Exact copy, no pictures: return only the lines below from the line with "关于2022年度浙江省高级经济师职称评审面试答辩有关事项的通知" up to and including the line with "Selling a Sterilite".

++++ Exercise data ++++

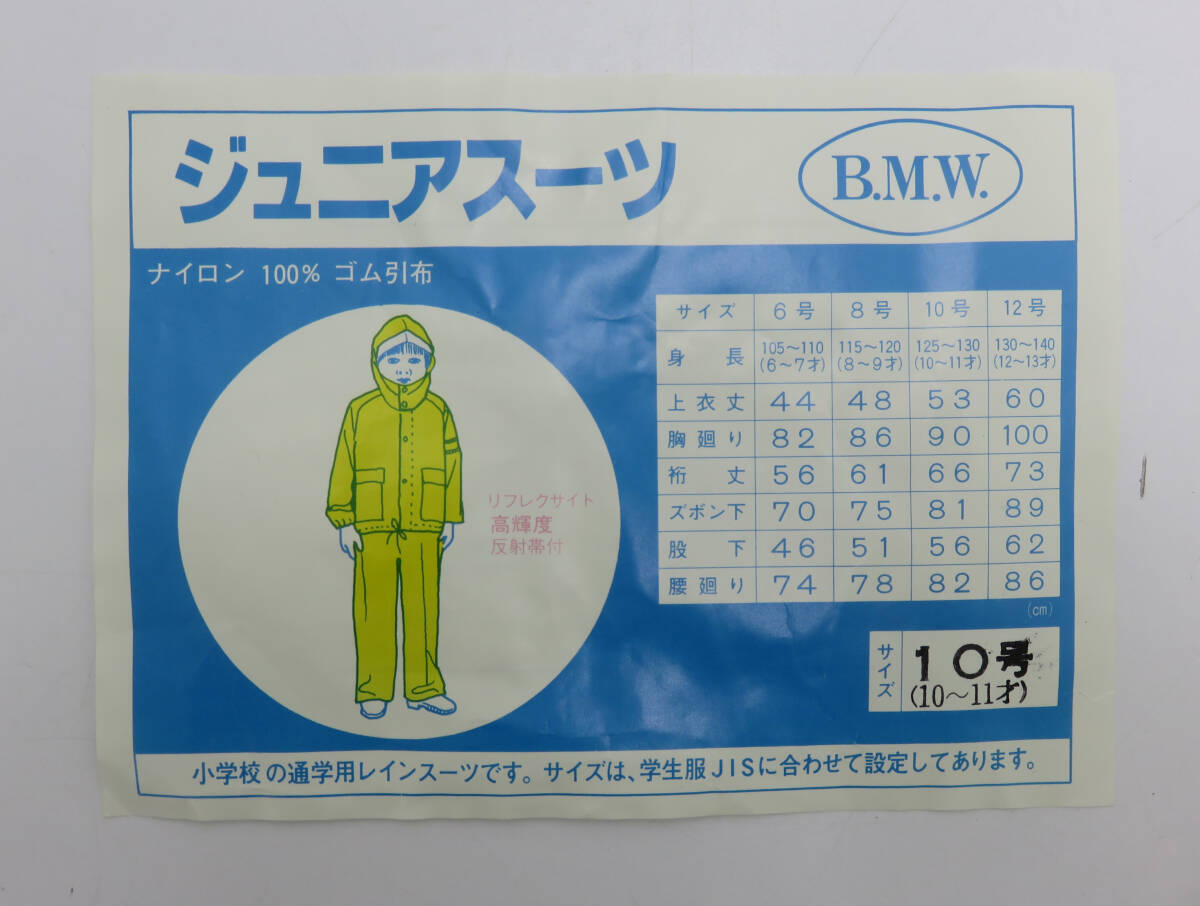 ☆経年保管品☆ジュニア レインスーツ 10号 帽子なし カッパ 小学生 通学用 雨カッパ JIS 反射帯付
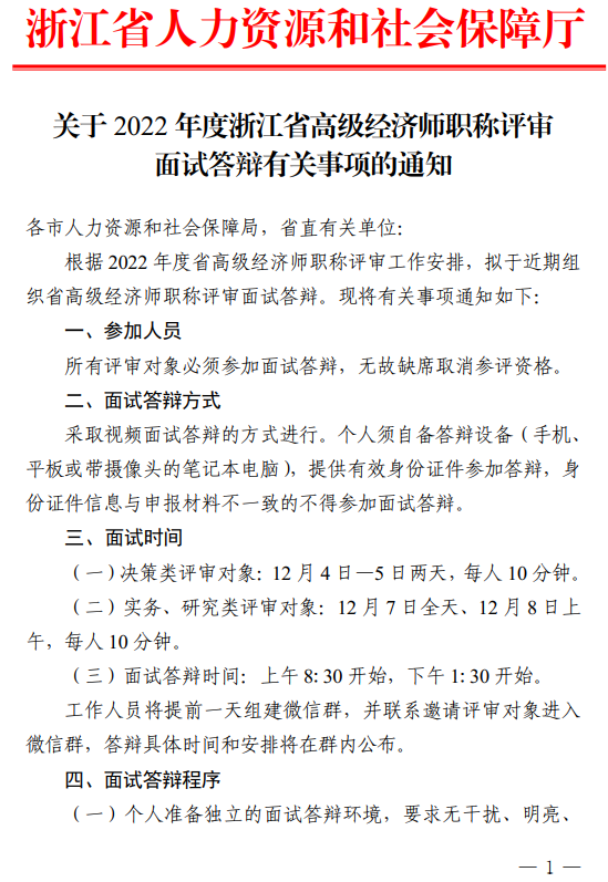 关于2022年度浙江省高级经济师职称评审面试答辩有关事项的通知
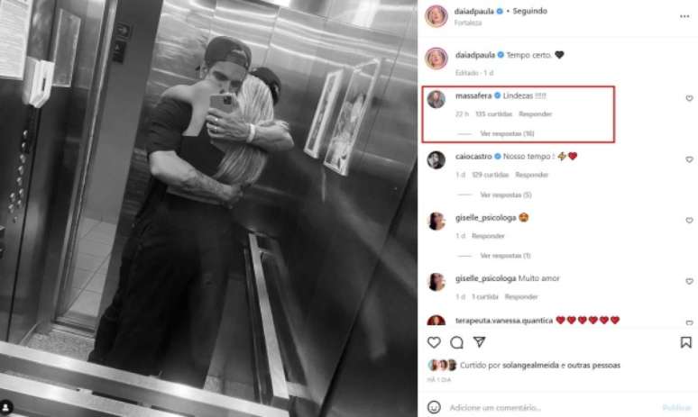 Na imagem, Caio e Daiana aparecem abraçados em um elevador e nos comentários a atriz comentou: "Lindezas". Daiane logo respondeu: "Você é luz".
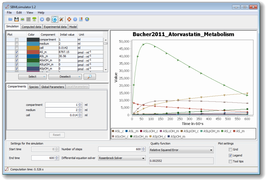 Figure 1) comprises several separated sub-windows for the presentation of simulation results as well as for settings that can be modified by the user: at the lower part of the GUI, SBMLsimulator enables the user to choose the numerical solver and to set the start and end point as well as the step size of the simulation. For some solvers an error tolerance can also be specified under Edit/Preferences. The user also has the choice between different quality functions for calculating the distance between simulated and experimental data. The upper left part of the window allows the user to select, which model quantities should be plotted. Furthermore, the compartment, parameter and initial values of metabolites can be modified in the middle left part. Finally, the simulation of the model with the chosen settings can be conducted by one of the GUI’s control elements.
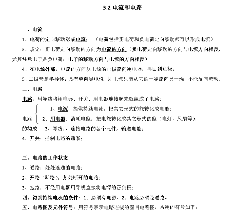 2024年中考物理“电流和电路”知识点总结一
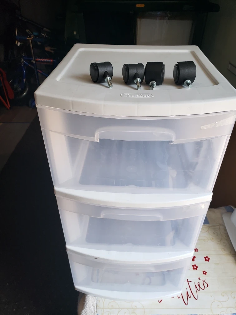 Selling a Sterilite 3-drawer wide weave tower. It comes with casters for easy mobility. Perfect for organizing your space!
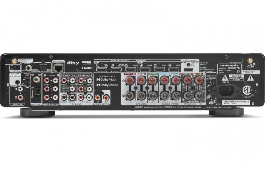 Šesť vstupov HDMI, digitálne, analógové a gramofónové vstupy a výstupy pre reproduktory a predzosilňovače zaisťujú pripojenie prakticky k akýmkoľvek ďalším komponentom.

++++

**Exercise result**
 关于2022年度浙江省高级经济师职称评审面试答辩有关事项的通知
 Na imagem, Caio e Daiana aparecem abraçados em um elevador e nos comentários a atriz comentou: "Lindezas". Daiane logo respondeu: "Você é luz".
 Figure 1) comprises several separated sub-windows for the presentation of simulation results as well as for settings that can be modified by the user: at the lower part of the GUI, SBMLsimulator enables the user to choose the numerical solver and to set the start and end point as well as the step size of the simulation. For some solvers an error tolerance can also be specified under Edit/Preferences. The user also has the choice between different quality functions for calculating the distance between simulated and experimental data. The upper left part of the window allows the user to select, which model quantities should be plotted. Furthermore, the compartment, parameter and initial values of metabolites can be modified in the middle left part. Finally, the simulation of the model with the chosen settings can be conducted by one of the GUI’s control elements.
 2024年中考物理“电流和电路”知识点总结一
 Selling a Sterilite 3-drawer wide weave tower. It comes with casters for easy mobility. Perfect for organizing your space!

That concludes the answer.